June Amazon rainforest fires reach a 15-year high
Deforested area in the Brazilian Amazon. Photo: Op VERDE BRASIL/17

New data released by Brazil’s National Institute of Space Research, which tracks deforestation and forest fires using satellite imagery, shows 2,562 fires in the Amazon rainforest throughout June. That’s the highest number for the month since 2007, when 3,519 fires were recorded. 

The record for June is still held by 2004, with 9,179 fires.

Since the beginning of the year, the Amazon biome has already had more than 7,000 outbreaks.

The destruction of the Amazon rainforest has increased since Jair Bolsonaro took office in 2019. His government has been systematically reducing efforts to fight and prevent illegal logging, ranching, and mining.

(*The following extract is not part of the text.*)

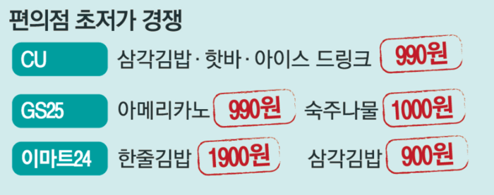 2일 업계에 따르면 BGF리테일이 운영하는 CU는 아메리카노 2종을 얼음컵을 무료로 증정하는 행사까지 적용해 990원에 판매하거나,3.3㎏ 대용량 봉지 얼음을 업계 최저가인 3990원에 선보이는 등 초저가 제품 출시에 ‘올인’하고 있다.지난 3월엔 100장당 1990원에 구매할 수 있는 물티슈 등을 출시한 데 이어 지난달엔 990원짜리 삼각김밥·핫바 등 제품군을 대폭 확대했다.GS25도 초가성비 제품을 전면에 배치했다. 지난 3월 자체 브랜드(PB) 초가성비 라인업을 크게 늘린 것이 대표적이다.

And environmental crimes are just one of the biome’s problems. The 16th Brazilian Public Security Yearbook, released on Tuesday, shows that the rate of lethal violence in the Legal Amazon region is 38 percent higher than the national average.

The murder of the indigenous expert Bruno Pereira and the British journalist Dom Phillips is an emblematic case of this violence and of a region than can be described as a “land without law.”

A week ago, data from Imazon, an NGO, showed that rainforest deforestation was also at a 15-year high: 3,360 square kilometers of forest were lost.